Oil futures tilted lower in American trade, still hovering near three-year highs, even as the dollar index declined to the lowest since September 8, following a basket of data from China, the world's largest energy importer, and the US, the world's largest energy consumer.
As of 04:32 GMT, US West Texas Intermediate fell 0.66% to $63.38 a barrel from the opening of $63.80, while Brent futures due on March 15 dipped 0.56% to $68.87 a barrel from the opening of $69.26, as the dollar index lost 0.63% to 91.27 from the opening of 91.85, marking a four-month trough.
Earlier Chinese data showed the trade surplus ballooning to $54.69 billion in December from $40.21 billion in November, beating expectations of a drop to $37.44B.
Earlier US data showed US retail sales rose 0.4% m/m in December, slowing down sharply from 0.9% in November, revised from 0.8%, while analysts expected a 0.5% increase.

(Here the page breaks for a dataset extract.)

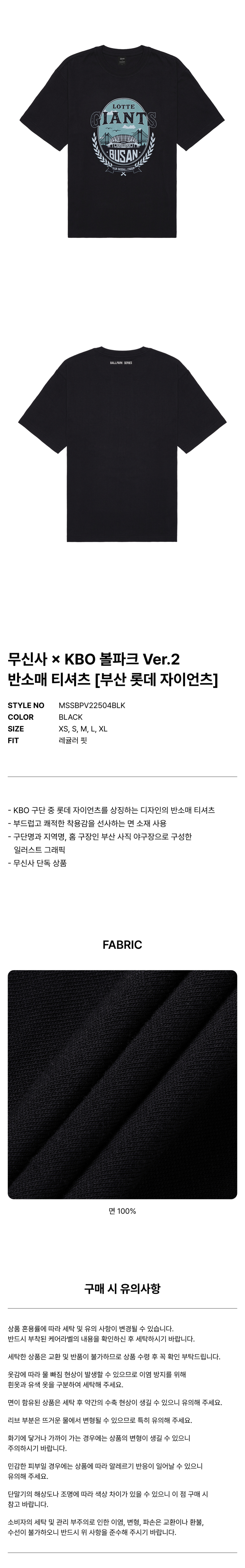 무신사 x KBO 볼파크 Ver.2 반소매 티셔츠 블랙 [부산 롯데 자이언츠]

Core sales rose 0.4%, besting expectations of 0.3%, while still sharply down from November's 1.3% increase, revised from 1%.
US consumer prices rose 0.1% in December in line with expectations, slowing down from 0.4% in November.
Core prices, excluding food and fuel, rose 0.3% m/m, besting expectations of 0.2%, and up from November's 0.1% rise.
On Wednesday, the Energy Information Administration released its report on US crude stocks, showing a decline of 4.9 million barrels in the week ending January 5, passing expectations of a 3.9M drop, and adding to the 7.4M drop in the previous reading, with total stocks now reaching 419.5 million barrels.
Gasoline stocks rose 4.1 million barrels, while distillate stocks, including heating fuel, rose 4.3 million barrels, remaining within the medium range on average in this time of year.
Otherwise, UAE energy minister Suhail Al Mazroui said in earlier remarks that global demand growth was surprising last year, while expecting full compliance with the deal to cut output by 1.8 million bpd in cooperation between OPEC and Russia.